> [Task prompt]
Among the records below, find the line that has "Black One Shoulder"; from there, give the lines again exactly, and stop after the line that has "폰트를 변경하는 방법은".

> [Extracted entries]
===============

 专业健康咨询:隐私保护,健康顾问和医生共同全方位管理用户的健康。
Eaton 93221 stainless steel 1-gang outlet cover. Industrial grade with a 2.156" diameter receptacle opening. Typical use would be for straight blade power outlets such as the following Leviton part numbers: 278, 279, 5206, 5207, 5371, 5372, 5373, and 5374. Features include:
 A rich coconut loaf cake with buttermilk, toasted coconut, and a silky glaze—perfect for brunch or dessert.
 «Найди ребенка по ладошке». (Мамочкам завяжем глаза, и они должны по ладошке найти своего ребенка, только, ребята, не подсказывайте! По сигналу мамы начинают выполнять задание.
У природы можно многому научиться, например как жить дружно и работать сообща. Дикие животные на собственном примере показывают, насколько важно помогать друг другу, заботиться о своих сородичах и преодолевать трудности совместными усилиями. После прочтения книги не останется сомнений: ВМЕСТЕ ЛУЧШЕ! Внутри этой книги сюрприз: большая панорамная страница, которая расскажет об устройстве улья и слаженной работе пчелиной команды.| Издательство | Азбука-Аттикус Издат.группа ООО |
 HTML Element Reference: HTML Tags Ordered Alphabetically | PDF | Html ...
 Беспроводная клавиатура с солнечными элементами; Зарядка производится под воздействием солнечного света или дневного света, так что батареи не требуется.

===============

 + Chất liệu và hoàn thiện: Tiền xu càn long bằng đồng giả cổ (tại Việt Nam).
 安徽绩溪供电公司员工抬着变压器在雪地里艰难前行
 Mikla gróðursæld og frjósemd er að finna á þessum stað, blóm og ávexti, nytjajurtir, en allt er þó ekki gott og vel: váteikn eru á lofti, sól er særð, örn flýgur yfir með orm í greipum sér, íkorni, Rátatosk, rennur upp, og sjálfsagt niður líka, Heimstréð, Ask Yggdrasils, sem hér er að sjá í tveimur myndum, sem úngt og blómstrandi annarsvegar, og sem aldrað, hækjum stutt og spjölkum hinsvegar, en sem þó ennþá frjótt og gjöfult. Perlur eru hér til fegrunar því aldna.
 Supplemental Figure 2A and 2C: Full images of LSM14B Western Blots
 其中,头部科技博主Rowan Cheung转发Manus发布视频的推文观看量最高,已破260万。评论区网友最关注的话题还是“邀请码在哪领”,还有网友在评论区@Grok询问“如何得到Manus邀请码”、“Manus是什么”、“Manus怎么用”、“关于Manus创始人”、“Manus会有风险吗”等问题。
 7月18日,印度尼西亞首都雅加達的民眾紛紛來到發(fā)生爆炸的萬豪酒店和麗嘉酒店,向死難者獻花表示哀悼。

===============

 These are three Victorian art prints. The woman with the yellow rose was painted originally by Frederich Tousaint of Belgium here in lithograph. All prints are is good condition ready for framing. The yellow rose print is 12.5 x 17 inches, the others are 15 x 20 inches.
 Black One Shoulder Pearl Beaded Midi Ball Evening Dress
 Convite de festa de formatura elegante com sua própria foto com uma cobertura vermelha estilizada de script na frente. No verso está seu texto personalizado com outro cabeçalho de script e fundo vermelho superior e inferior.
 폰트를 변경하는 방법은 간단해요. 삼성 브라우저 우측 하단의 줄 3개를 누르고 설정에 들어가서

===============

> [Answer box]
 Black One Shoulder Pearl Beaded Midi Ball Evening Dress
 Convite de festa de formatura elegante com sua própria foto com uma cobertura vermelha estilizada de script na frente. No verso está seu texto personalizado com outro cabeçalho de script e fundo vermelho superior e inferior.
 폰트를 변경하는 방법은 간단해요. 삼성 브라우저 우측 하단의 줄 3개를 누르고 설정에 들어가서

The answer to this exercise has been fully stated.